Pandas: PERF: groupby with many empty groups memory blowup

Created on 29 Dec 2019 · 22Comments · Source: pandas-dev/pandas

Suppose we have a Categorical with many unused categories:

cat = pd.Categorical(range(24), categories=range(10**5))

df = pd.DataFrame({"A": cat, "B": range(24), "C": range(24), "D": 1})

gb = df.groupby(["A", "B", "C"])

>>> gb.size()  # memory balloons to 9+ GB before i kill it

There are only 24 rows in this DataFrame, so we shouldn't be creating millions of groups.

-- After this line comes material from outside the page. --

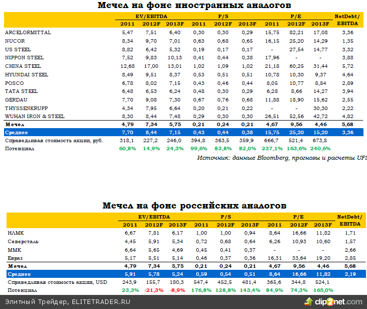 Сравнительный анализ по-прежнему отражает относительно невысокую стоимость Мечела, при этом компания должна значительно преобразиться после распродажи активов, и даже незначительные улучшения на рынке могут существенно упрочить ее положение.

Without the Categorical, but just a large cross-product that implies many empty groups, this works fine:

df = pd.DataFrame({n: range(12) for n in range(8)})

gb = df.groupby(list(range(7)))
gb.size() # <-- works fine

Categorical Groupby Performance

Source

jbrockmendel

Most helpful comment

I think it’s a good default for the original design semantics of Categorical. It’s a bad default for the memory-saving aspect of categorical.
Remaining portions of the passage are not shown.